A few hours before the tear gas canister nearly struck me on Palestine Street, I was passing security forces on Revolution Avenue when a man in plain clothes and a helmet came up to me and said, “Our cameras will capture your face. If I see you again in this area, you’ll get arrested.” “For what crime?” I asked. “No offence required,” he replied, “I have the power, and I’ll use it against you.”

The man’s boast is the key to understanding the recent protests in Iran. After Sepideh Rashnoo was harassed on a bus by a fellow citizen over her “improper” hijab in July, the dangerous power that had been delegated to pro-regime citizens became clearer. Iranians watched Rashnoo, a writer and artist, make a humiliating forced “confession” on national TV. In contrast to Rashnoo’s humiliation, the woman who harassed her over her hijab enjoyed a kind of authority bestowed upon her by the government.

Along with the morality police, the citizens who have been granted this authority stepped up their policing of the hijab rules since Raisi’s election, which was marred by record low turnout. The death of Mahsa Amini while in police custody has revealed the conflict between the Iranian government and citizens who do not want to comply with rules they believe infringe on their civil rights. There is significant disillusionment and profound doubt about the prospects of reforming a system that has shown zero interest in compromise. If the Green Movement’s slogans were full of verses from Qur’an and other Islamic references, the slogans heard in the recent protests contain no Islamic references and no requests for narrow reforms.
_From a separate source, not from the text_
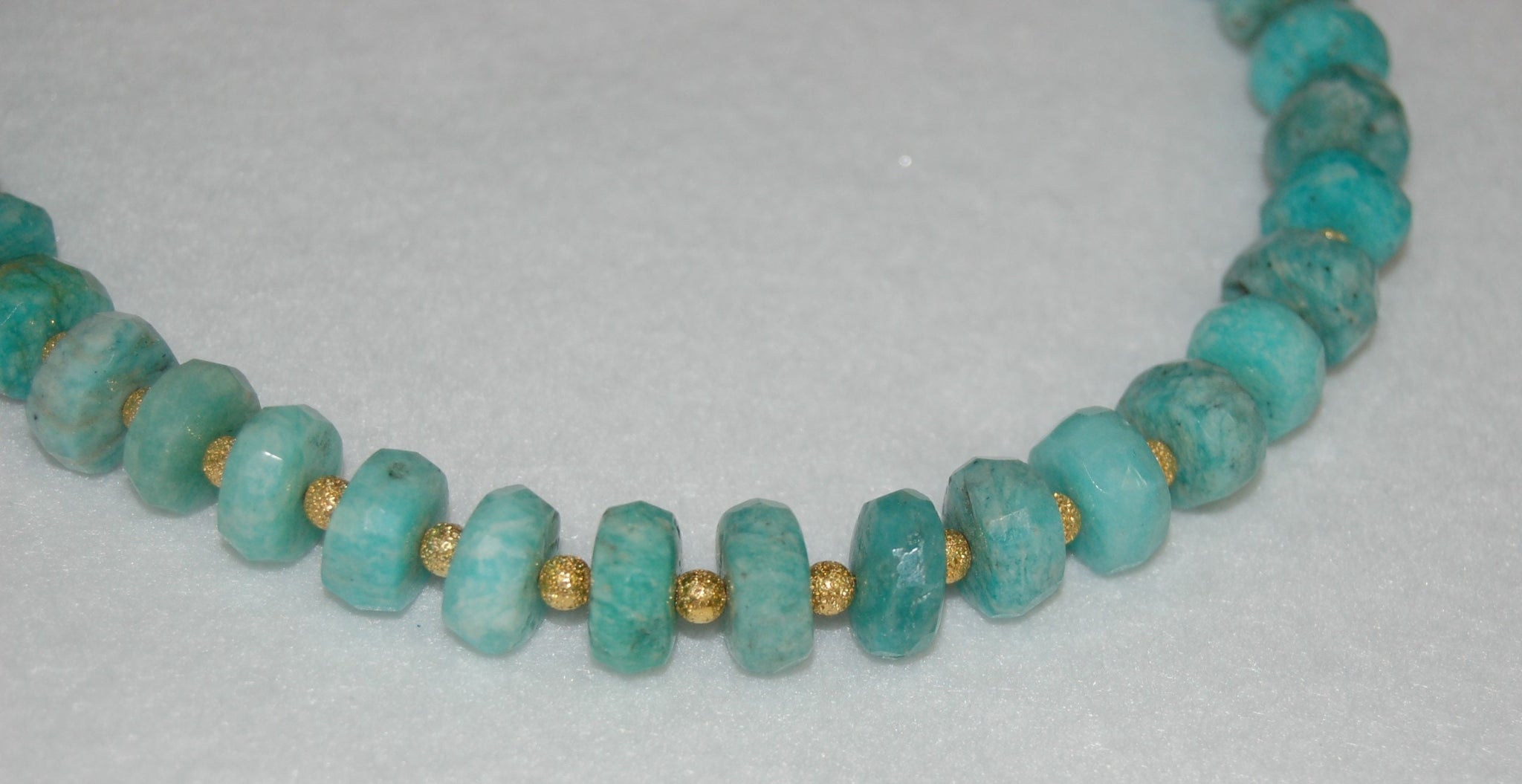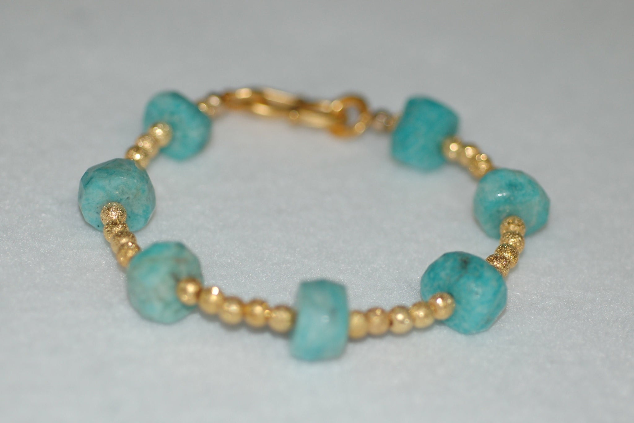 Rough faceted amazonite rondels are set apart by gold plated stardust beads to create a classic silhouette for your neck and wrist. These two pieces will remind you of treasures from antiquity and will make you stand out from the crowd. Gold plated hardware. Necklace approx 17” long, Bracelet approx 8” long

Despite the economic stagnation, systematic corruption, and mismanagement in recent years, economic grievances do not feature in the slogans either. The protests have coalesced around dissatisfaction about how the Iranian state relates to society. The protests that erupted after Mahsa Amini’s death emerged mainly from marginalised groups: Kurds who are an ethnic minority, the middle class which as encountered so much hostility from the government, women who are not even recognised or protected in the system if not wearing a hijab, and the working class who have witnessed widespread governmental corruption in the recent years.
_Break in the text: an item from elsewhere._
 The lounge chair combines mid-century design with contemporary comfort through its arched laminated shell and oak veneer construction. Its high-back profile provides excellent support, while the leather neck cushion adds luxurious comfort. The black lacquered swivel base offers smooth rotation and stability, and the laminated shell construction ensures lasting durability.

While living under the strict rules of an increasingly authoritarian state, the future for these oppressed groups is grim—they see a dead end. Accordingly, for the Iranian authorities, the unification of these various social groups, which has happened for the first time since the 1979 revolution, poses a new challenge.

In recent years, Iran’s middle class has been shrinking because of international sanctions and economic decline. Still, they have had some spaces, such as social media and satellite television, to engage with progressive ideas on human rights. Long before the recent protests forced Iran’s national television to address the issue of compulsory hijab on their programmes, subjects such as the hijab, personal freedom, and gender politics have been debated on social media and foreign-based television channels before large audiences. In this way, two different worlds have coexisted and one is now crashing into the other.

Are we witnessing another revolution in Iran? It is hard to ascertain. Iran’s state ideology still has sincere supporters, not just at home but also across the region. Some analysts have pointed to the limited number of protesters to suggest the protests are a “virtual revolution” that exists only on social media. Still, a revolutionary turn does not necessarily depend on the number of active protesters; it arises from a dead-end situation. Following Ayatollah Khamenei’s speech in which he called the protests “riots” and blamed a foreign plot for the unrest, the obstruction has never been clearer.

Nevertheless, there is a movement in Iran. Motivated by their anger following Mahsa Amini’s death, a growing number of women who have found the courage to go out with their hair uncovered in public. For a political system that places enormous emphasis on women’s appearance, this is a profound form of protest. Iranian women, supported by the many men who have now joined them, are challenging the discrimination they have experienced for decades. They have already achieved a great victory by making their voice heard around the world.